When RAM budget is exceeded, least-recently-used entries are demoted to disk. Expired entries are cleaned by background GC (runs every 60s).

Integration Patterns

Agentic Workflows

For multi-agent systems where agents share a model:

# Agent A: financial analyst
agent_a_cache = prepare_cache(model, system_prompt_a, tools_a, pinned=True)

# Agent B: code assistant
agent_b_cache = prepare_cache(model, system_prompt_b, tools_b, pinned=True)

# Each agent sends its cache_key — no cross-contamination,
# instant TTFT even after the other agent just used the model

LlamaFarm Project Config

Future: auto-warm caches from project config at startup:

# llamafarm.yaml
projects:
financial-agent:
provider: universal
model: Qwen/Qwen3-8B-GGUF
system_prompt: "You are a financial analyst..."
tools:
- get_portfolio
- get_market_data
cache:
warm_on_startup: true
pinned: true

OpenAI SDK Compatible

from openai import OpenAI

client = OpenAI(base_url="http://localhost:11540/v1", api_key="unused")

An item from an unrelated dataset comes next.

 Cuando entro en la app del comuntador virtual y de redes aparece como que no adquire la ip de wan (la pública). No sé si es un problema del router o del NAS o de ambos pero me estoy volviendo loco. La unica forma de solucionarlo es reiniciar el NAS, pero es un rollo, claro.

# Pass cache params via extra_body
response = client.chat.completions.create(
model="Qwen/Qwen3-8B-GGUF",
messages=[...],
stream=True,
extra_body={
"cache_key": "abc123",
"return_cache_key": True,
},
)

Benchmarking

Run the included benchmark to measure TTFT savings on your hardware:

cd runtimes/universal
uv run python benchmarks/kv_cache_benchmark.py

# Against a specific server:
uv run python benchmarks/kv_cache_benchmark.py --base-url http://localhost:14345

Reference Results (Qwen3-8B Q4_K_M, Apple M1 Max)

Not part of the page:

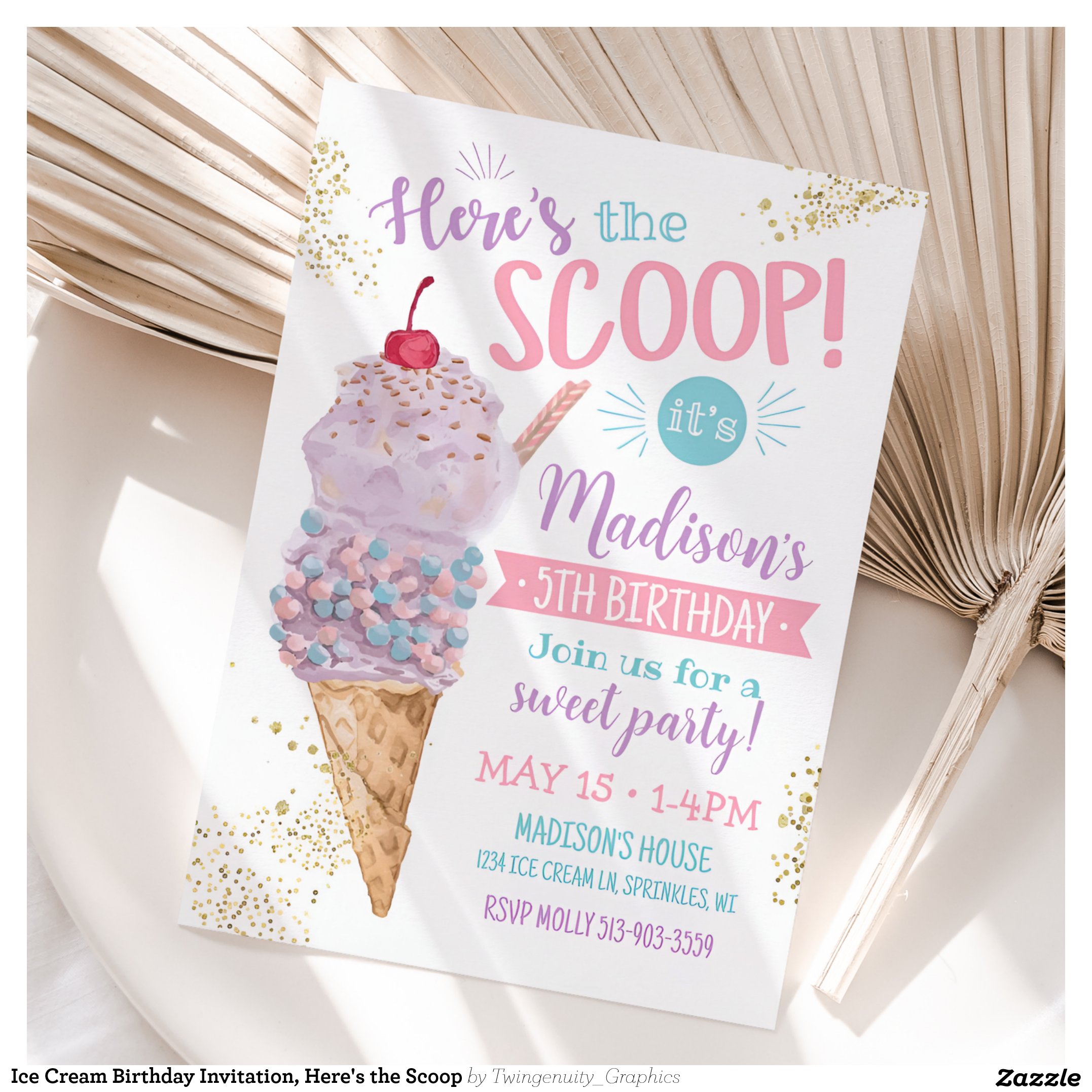 Ice Cream Birthday Invitation, Here’s the Scoop Invitation

TurnTTFT (no cache)TTFT (Llama-cache)Speedup
Turn 1 (cold)5,548ms5,548ms1x
Turn 1 (pre-warmed)5,341ms392ms14x
Turn 2 (cached)5,548ms246ms22x
Turn 3 (cached)5,887ms329ms18x

Limitations

  • Single-model cache: Each cache entry is tied to one model. Loading a different model invalidates all entries.
  • Thinking tokens: Models that generate <think>...</think> tokens include them in the cached state. The cache handles this transparently.
  • Memory usage: KV state for Qwen3-8B is ~250MB per entry. Budget defaults (2GB RAM) allow ~8 concurrent cache entries.
  • No cross-request KV stitching: Due to position-dependent RoPE embeddings, you can't concatenate KV states from different requests.